■ Task: What is wanted is every line below from the one with "It strikes me" up to and including the one with "A newspaper article", retyped exactly, pictures excluded, nothing else.

■ Task material:
◆ ◆ ◆
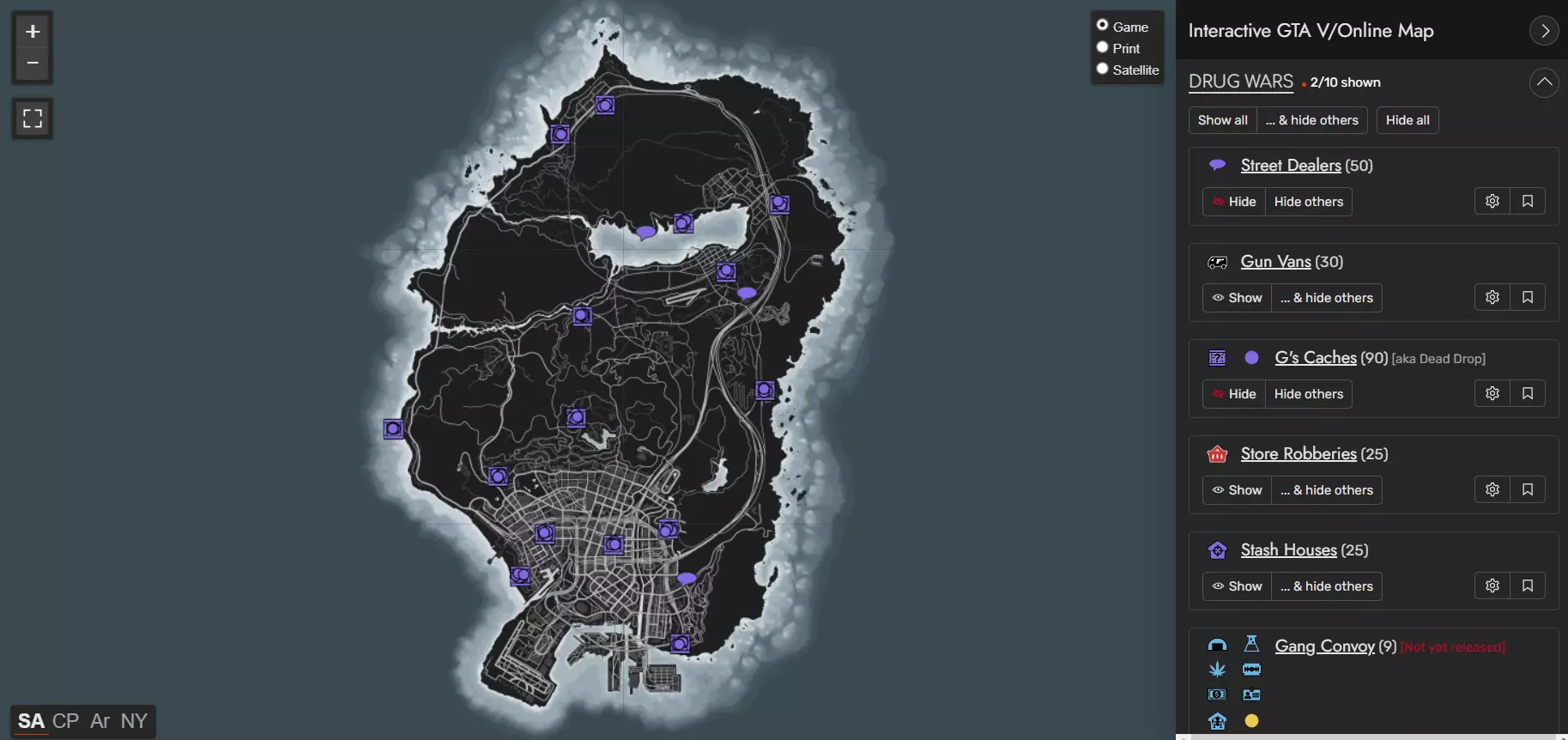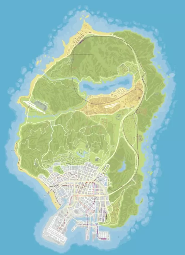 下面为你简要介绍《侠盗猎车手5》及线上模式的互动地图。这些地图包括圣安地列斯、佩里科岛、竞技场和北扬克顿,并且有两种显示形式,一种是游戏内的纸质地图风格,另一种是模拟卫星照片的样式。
◆ ◆ ◆
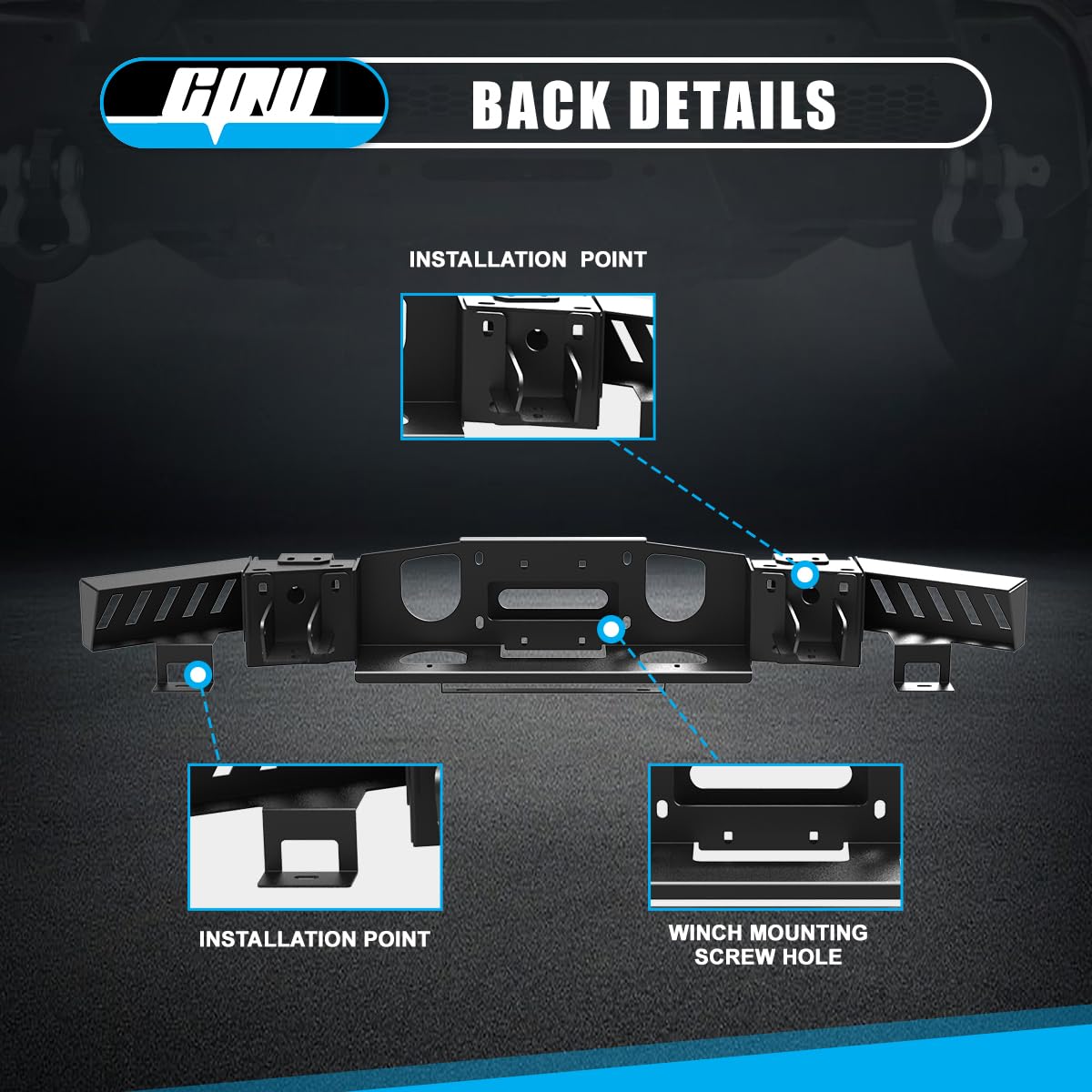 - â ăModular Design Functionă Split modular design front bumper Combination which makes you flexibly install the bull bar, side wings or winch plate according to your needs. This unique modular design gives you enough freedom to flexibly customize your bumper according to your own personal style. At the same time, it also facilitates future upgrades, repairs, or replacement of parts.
◆ ◆ ◆
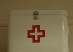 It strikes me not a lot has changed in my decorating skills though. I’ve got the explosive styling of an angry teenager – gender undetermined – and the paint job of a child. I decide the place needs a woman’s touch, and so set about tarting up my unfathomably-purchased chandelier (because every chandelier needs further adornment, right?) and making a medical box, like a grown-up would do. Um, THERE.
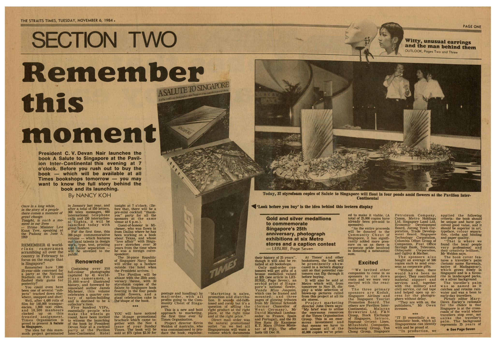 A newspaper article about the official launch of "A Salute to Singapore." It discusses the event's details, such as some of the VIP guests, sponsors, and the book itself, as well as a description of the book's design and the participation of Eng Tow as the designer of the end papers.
◆ ◆ ◆
■ Written reply:
 It strikes me not a lot has changed in my decorating skills though. I’ve got the explosive styling of an angry teenager – gender undetermined – and the paint job of a child. I decide the place needs a woman’s touch, and so set about tarting up my unfathomably-purchased chandelier (because every chandelier needs further adornment, right?) and making a medical box, like a grown-up would do. Um, THERE.
 A newspaper article about the official launch of "A Salute to Singapore." It discusses the event's details, such as some of the VIP guests, sponsors, and the book itself, as well as a description of the book's design and the participation of Eng Tow as the designer of the end papers.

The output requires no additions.